— Нет, — ее голос был едва слышен. — Я знаю, что он один, вот и все. Я пришла к вам, обоим, раньше, чем к другим. Вы были правы.
Она повернулась, и сжимая в узловатой ладони свой посох, начала долгий путь к деревне к своему домику. Павек почти пожалел ее, но: — Вы послали их. Вы сами, вы не слушали ни меня, ни стража Квирайта. Вы думали, что ваша зарнека важнее, а вы сами мудрее и умнее, чем мы. Проклятие, Телами, это ваша вина!
Фигура Телами задрожала и растаяла в воздухе.
— Ты не должен был так говорить, Павек.
— Но это правда. Кто-то должен был сказать ей.
— Не ты. Ты должен держать рот на замке.
— Хороший совет, червяк — но я не слушаю хороших советов. — Он, рыча, схватил свою мотыгу и попытался сломать рукоятку, не получилось, тогда он изо всех сил швырнул несчастный инструмент в полукруглый диск спускающегося солнца. — Проклятие-е-е-е!

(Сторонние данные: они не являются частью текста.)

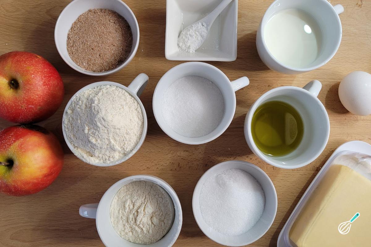 Separe os ingredientes para fazer sua cuca de maçã. Para a farofa, é essencial que a manteiga esteja gelada, pois é isso que vai garantir a crocância.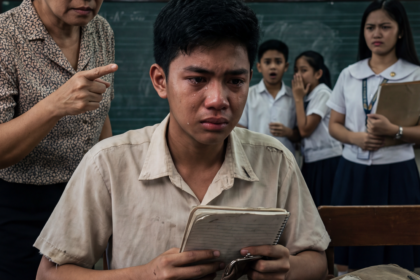 ANG LUHA SA HARAP NG PISARA Sa ilalim ng malamlam na ilaw ng fluorescent, sa loob ng silid-aralan na may lumang pisara at amoy ng chalk, may isang batang lalaking nakaupo sa kahoy na armchair desk—yak...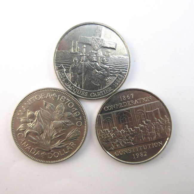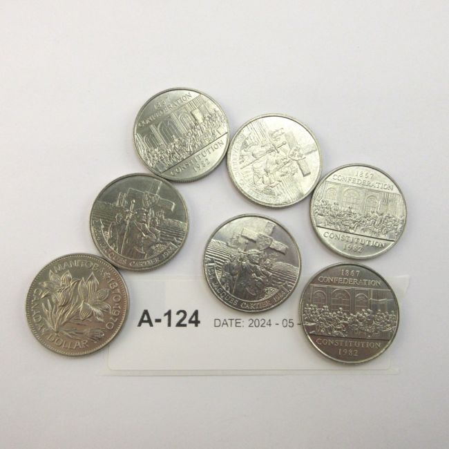 Current Bid: $7.00 [Refresh Price]YOU WILL NEED TO REFRESH THIS PAGE TO SEE UPDATED BID (Log in and this will update automatically) You must LOG IN or REGISTER to see this full page auction listing and bid. Auction is Over Winning Bid Amount: $7.00 **Lot Details: (LOT: A124) - 7 Dollar Coins, 3 Confederation Dollars 1982, 3 Jacques Cartier Dollar Coins 1984, 1 Manitoba Commertive Dollar 1970 Log in to add this lot to your watch list or place a bid |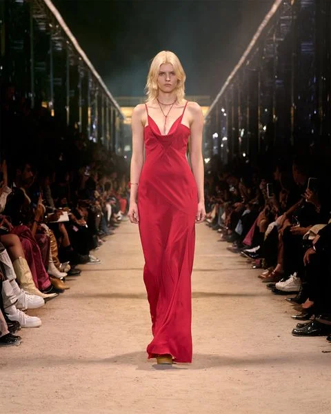 64% acetate, 36% silk Long dress with thin straps Cowl neck Drop-shaped opening in back Style: RO0420FA-B2J02I KAPRI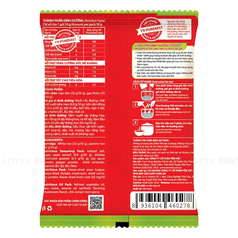 Hướng dẫn sử dụng: Cho cháo cùng gói dầu, gói gia vị, gói yến và rau vào tô. Cho khoảng 320 ml nước sôi vào tô cháo và quậy đều. Đậy kín nắp sau 3 phút, mở nắp, trộn đều và thưởng thức. Hướng dẫn bảo quản: Bảo quản ở nhiệt độ 2-8 độ C.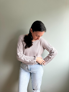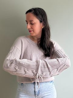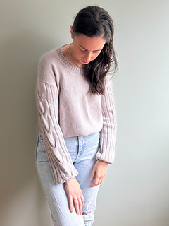 Finally, the sleeves are worked in the round with a cable pattern. The sleeves finish with the same type of hem as the body.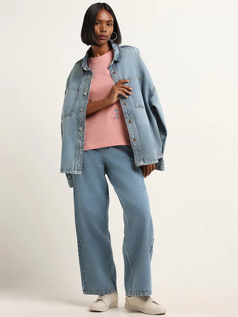 Nuon Pink Contrast Print Cotton Oversized T-Shirt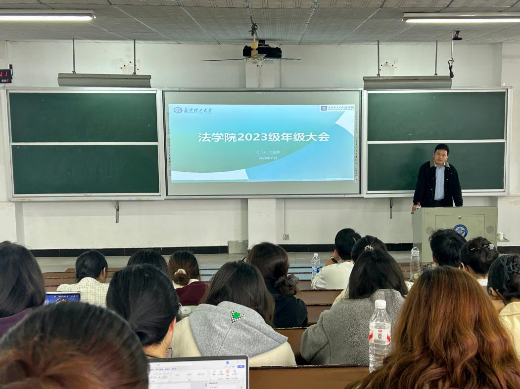 为帮助学院2023级学生明晰未来发展路径,针对性为即将到来的毕业做好准备,11月4日下午,学院在十二教召开了2023级本科生年级大会。会议由年级辅导员兰贵辉主持。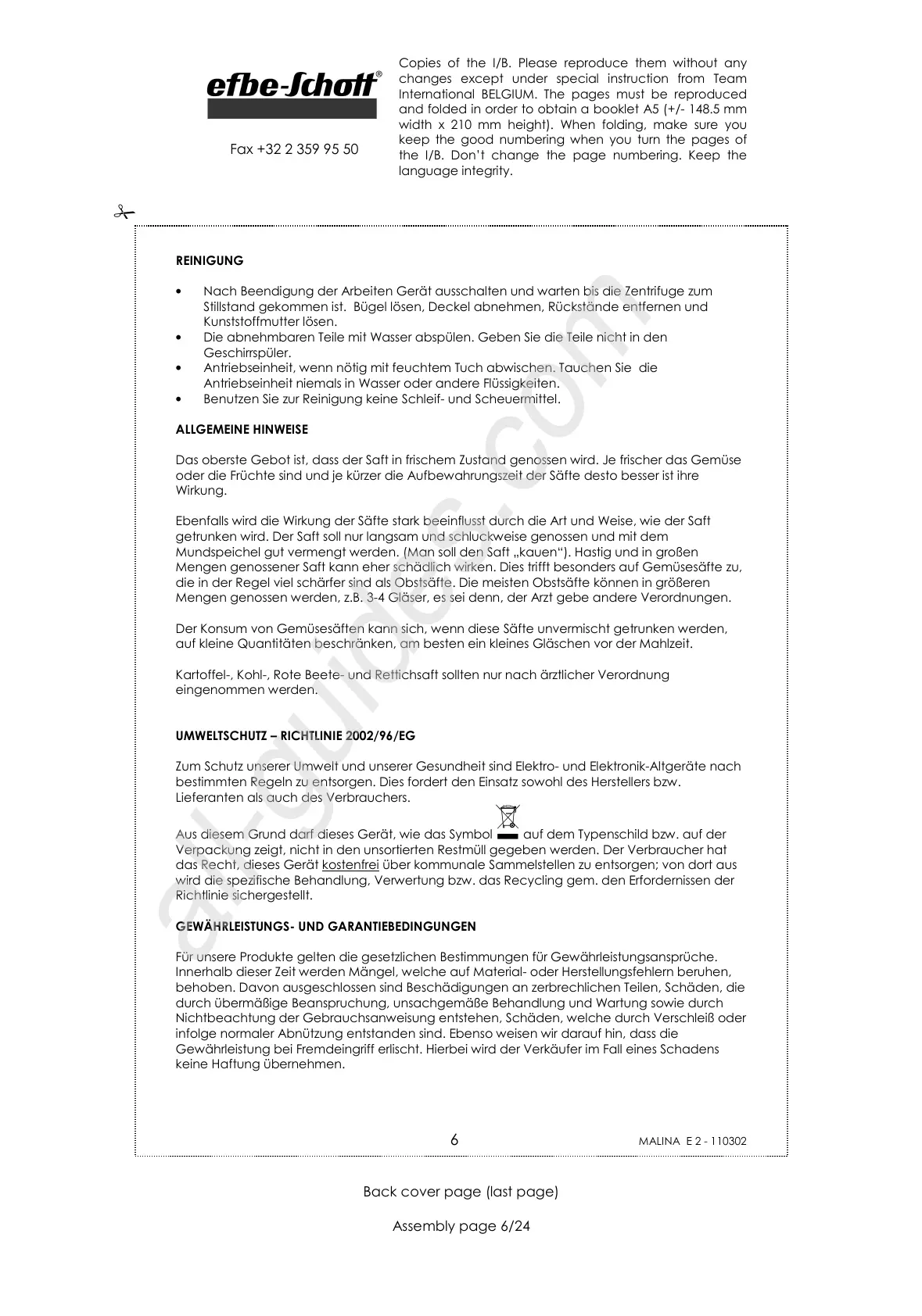 getrunken wird. Der Saft soll nur langsam und schluckweise genossen und mit dem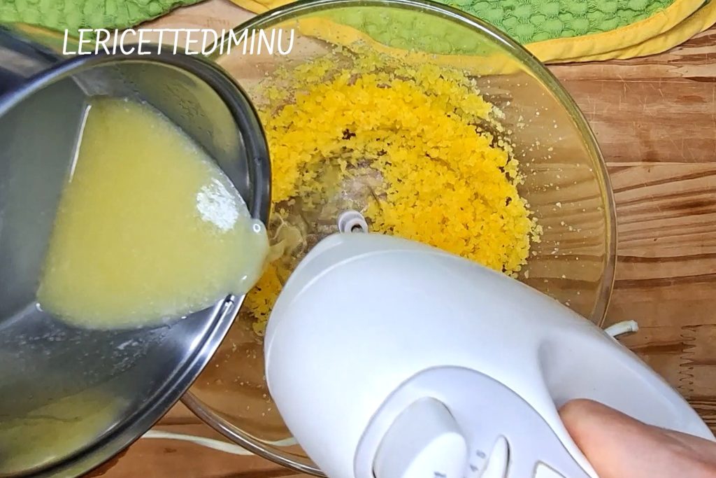 Die geschmolzene Butter langsam hinzufügen, während die Eigelbmischung mit dem Mixer bearbeitet wird.
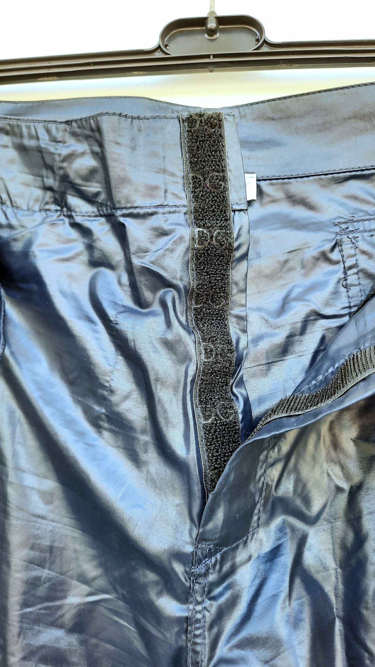 Trims: Two side pockets, two front velcro leg pockets, velcro waist belt, velcro crotch closure, two full side leg zips, two velcro back pockets

Они повстречали Йохана в пустыне, между деревней и Кулаком Солнца. Дварф здорово постарел с тех пор, как они видели его в последний раз. Его глаза, красные от недосыпания, превратились в глубокие, темные дыры. Он с трудом двигался, его мышцы как-то сжались. Его запачканный грязью канк был так же слаб, как и он, и не был одним из тех лоснящихся жуков, выращенных Бегунами Луны, на которых любили ездить квириты. Чтобы слезть с канка Йохану потребовалась твердая рука Павека, и он не смотрел ни в чьи глаза, когда рассказывал свою историю короткими, рубленными фразами.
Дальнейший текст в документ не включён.